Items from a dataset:
'''
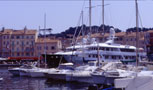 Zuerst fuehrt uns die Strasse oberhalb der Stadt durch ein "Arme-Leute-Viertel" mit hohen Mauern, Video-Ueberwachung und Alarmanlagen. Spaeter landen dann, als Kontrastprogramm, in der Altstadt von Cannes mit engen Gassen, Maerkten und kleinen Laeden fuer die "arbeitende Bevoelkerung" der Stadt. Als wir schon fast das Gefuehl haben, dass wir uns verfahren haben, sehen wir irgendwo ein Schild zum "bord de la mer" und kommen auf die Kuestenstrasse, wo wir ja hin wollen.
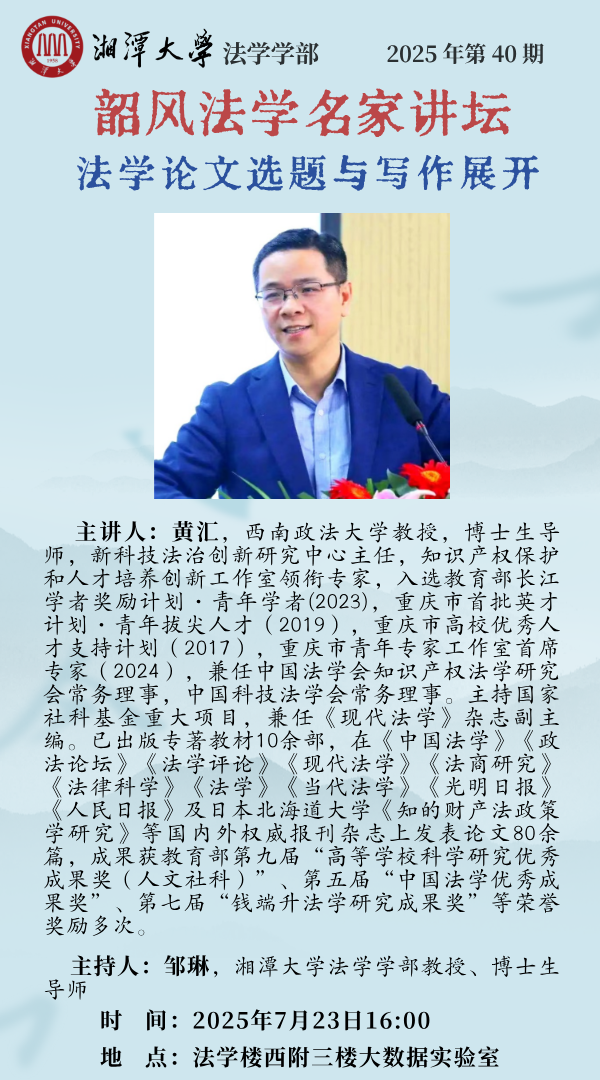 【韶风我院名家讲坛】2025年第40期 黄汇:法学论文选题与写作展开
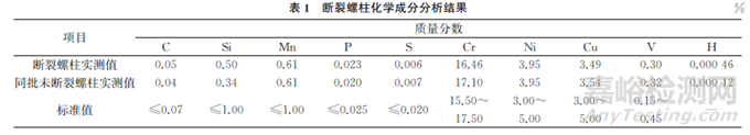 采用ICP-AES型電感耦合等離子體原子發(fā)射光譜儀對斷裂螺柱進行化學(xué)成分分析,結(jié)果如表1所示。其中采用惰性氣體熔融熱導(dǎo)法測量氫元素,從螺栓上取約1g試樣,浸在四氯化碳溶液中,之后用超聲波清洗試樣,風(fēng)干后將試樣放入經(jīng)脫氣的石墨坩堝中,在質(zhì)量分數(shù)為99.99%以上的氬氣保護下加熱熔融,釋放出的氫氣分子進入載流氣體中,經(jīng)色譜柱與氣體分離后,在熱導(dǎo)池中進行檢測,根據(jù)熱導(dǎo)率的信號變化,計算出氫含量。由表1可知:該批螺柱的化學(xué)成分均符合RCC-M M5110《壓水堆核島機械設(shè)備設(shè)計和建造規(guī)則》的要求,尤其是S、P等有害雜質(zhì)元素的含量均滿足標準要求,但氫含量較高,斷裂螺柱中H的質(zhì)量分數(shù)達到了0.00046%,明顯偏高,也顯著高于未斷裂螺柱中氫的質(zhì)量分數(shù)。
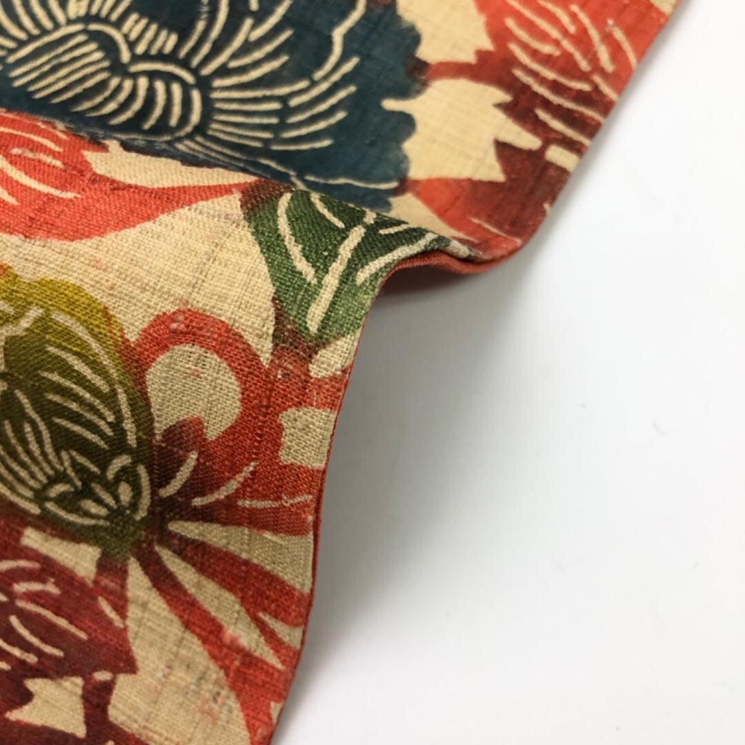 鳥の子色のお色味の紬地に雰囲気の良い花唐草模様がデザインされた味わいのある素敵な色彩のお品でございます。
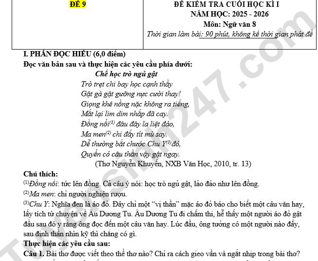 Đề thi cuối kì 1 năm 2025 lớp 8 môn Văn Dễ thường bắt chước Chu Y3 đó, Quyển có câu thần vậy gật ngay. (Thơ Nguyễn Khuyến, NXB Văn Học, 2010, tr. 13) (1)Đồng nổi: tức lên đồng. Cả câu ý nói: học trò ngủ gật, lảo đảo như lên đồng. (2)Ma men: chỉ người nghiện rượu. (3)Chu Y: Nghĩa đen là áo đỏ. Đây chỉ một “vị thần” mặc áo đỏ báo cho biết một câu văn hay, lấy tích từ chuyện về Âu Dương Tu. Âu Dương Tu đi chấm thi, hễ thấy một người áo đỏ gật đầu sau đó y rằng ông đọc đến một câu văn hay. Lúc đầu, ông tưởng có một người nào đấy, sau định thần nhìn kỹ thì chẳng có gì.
'''
### EXERCISE DETAILS
The reply should hold only the lines from the first line of the records above through the line containing "鳥の子色のお色味の紬地に雰囲", copied exactly and without pictures.

### THE ANSWER
 Zuerst fuehrt uns die Strasse oberhalb der Stadt durch ein "Arme-Leute-Viertel" mit hohen Mauern, Video-Ueberwachung und Alarmanlagen. Spaeter landen dann, als Kontrastprogramm, in der Altstadt von Cannes mit engen Gassen, Maerkten und kleinen Laeden fuer die "arbeitende Bevoelkerung" der Stadt. Als wir schon fast das Gefuehl haben, dass wir uns verfahren haben, sehen wir irgendwo ein Schild zum "bord de la mer" und kommen auf die Kuestenstrasse, wo wir ja hin wollen.
 【韶风我院名家讲坛】2025年第40期 黄汇:法学论文选题与写作展开
 采用ICP-AES型電感耦合等離子體原子發(fā)射光譜儀對斷裂螺柱進行化學(xué)成分分析,結(jié)果如表1所示。其中采用惰性氣體熔融熱導(dǎo)法測量氫元素,從螺栓上取約1g試樣,浸在四氯化碳溶液中,之后用超聲波清洗試樣,風(fēng)干后將試樣放入經(jīng)脫氣的石墨坩堝中,在質(zhì)量分數(shù)為99.99%以上的氬氣保護下加熱熔融,釋放出的氫氣分子進入載流氣體中,經(jīng)色譜柱與氣體分離后,在熱導(dǎo)池中進行檢測,根據(jù)熱導(dǎo)率的信號變化,計算出氫含量。由表1可知:該批螺柱的化學(xué)成分均符合RCC-M M5110《壓水堆核島機械設(shè)備設(shè)計和建造規(guī)則》的要求,尤其是S、P等有害雜質(zhì)元素的含量均滿足標準要求,但氫含量較高,斷裂螺柱中H的質(zhì)量分數(shù)達到了0.00046%,明顯偏高,也顯著高于未斷裂螺柱中氫的質(zhì)量分數(shù)。
 鳥の子色のお色味の紬地に雰囲気の良い花唐草模様がデザインされた味わいのある素敵な色彩のお品でございます。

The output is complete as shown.